One specific criticism leveled at the movie is that the characters are ‘undeveloped’ and their complexities are sparsely realized. Yet when we compare these new characters to Helen from the first movie, they are symbolically similar to what Madsen’s character represented from the first movie. 

The main character Anthony McCoy (Yahya Abdul-Mateen II) is an artist who has succeeded in his field thanks to the help from his partner Brianna Cartwright (Teyonah Parris). McCoy is a Black artist working in predominantly white spaces. He is affluent, beautiful, and clever, but searching for new inspiration. That’s when he hears about Candyman and what happened to Helen Lyle as told to him by a former resident of Cabrini Green. This story presented to McCoy in the movie is actually a false account of the events which take place in the first movie. Yet McCoy doesn’t question the veracity of it upon hearing the story for the first time. Even after learning about the method used to summon Candyman, McCoy still views the horror and deaths relating to Candyman as something he can monetize for his own gain and prestige in the art world. 

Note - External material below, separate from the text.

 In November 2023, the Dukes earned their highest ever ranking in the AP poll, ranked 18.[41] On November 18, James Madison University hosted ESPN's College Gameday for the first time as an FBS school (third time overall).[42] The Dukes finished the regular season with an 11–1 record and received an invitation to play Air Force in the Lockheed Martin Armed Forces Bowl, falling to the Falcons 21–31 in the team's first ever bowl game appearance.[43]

In this sense, he is the inverse of Helen from the first movie. Whilst she was naïve about racism beyond the abstract, McCoy is naïve about the monster instead of the racism. We later learn McCoy is from Cabrini Green itself, making him a victim of the old segregated Chicago. But he still doesn’t see the myth of Candyman as anything other than something he can use in his artwork. Like Helen, his naivete eventually leads to his own destruction.

What makes this even more terrifying is the idea that even once Black people have moved into different professions and started to accrue wealth, we must still recognize daily that racism is a permanent feature in our past, present, and future. These characters seem free of such concerns and yet that ultimately leads them back towards the realities of racism and death. We as Black people subconsciously or consciously have to bear the weight of racism and anti-Blackness on our shoulders when we should not have to. It is the saddening subtext to this sequel.

Director Nia DaCosta and Yahya Abdul-Mateen II on the set of Candyman.

This sequel is more concerned with the legend of Candyman than it is with the characters. This can make the movie seem cluttered as plot twists and revelations are introduced toward the end of the movie. I would argue that, unlike the first movie, the figure of Candyman and the thematic resonance he brings with him is more important to the writers than a deeper focus on character dynamics. Whilst these criticisms have value, my main criticism of the new movie is that it doesn’t reference the trials Black women face within society, which is a rare oversight in such a thoughtful movie.

At the film’s end, we hear the new Candyman recite Tony Todd’s dialogue from the first movie and we see reflected in a police car window all of the iterations of the Candyman in the window. As the movie concludes Tony Todd himself appears and demands that Brianna “tell everyone.” Candyman and the new Candy-men all live in him now. As Black people today are shot by police and young children like Tamir Rice are murdered for carrying a toy gun by police, whilst Black people across the world have to hear racist epithets and our communities are ravaged by segregation in places like Cabrini Green, then Candyman can only become more powerful, just as the scourge of racism becomes more powerful. 

The “tell everyone” demand is not just a reference to the fact Candyman believes his malevolent nature is nurtured within the power of his myth. It is also a demand that every audience member understands that as long as racism exists, it will continue to destroy Black lives and eventually the lives of everybody in the vicinity. That is the terrifying idea at the core of these movies. DaCosta has created a horrific fable about the brutal cost of racism within society whilst expanding that theme from the original movie through scale and gravitas.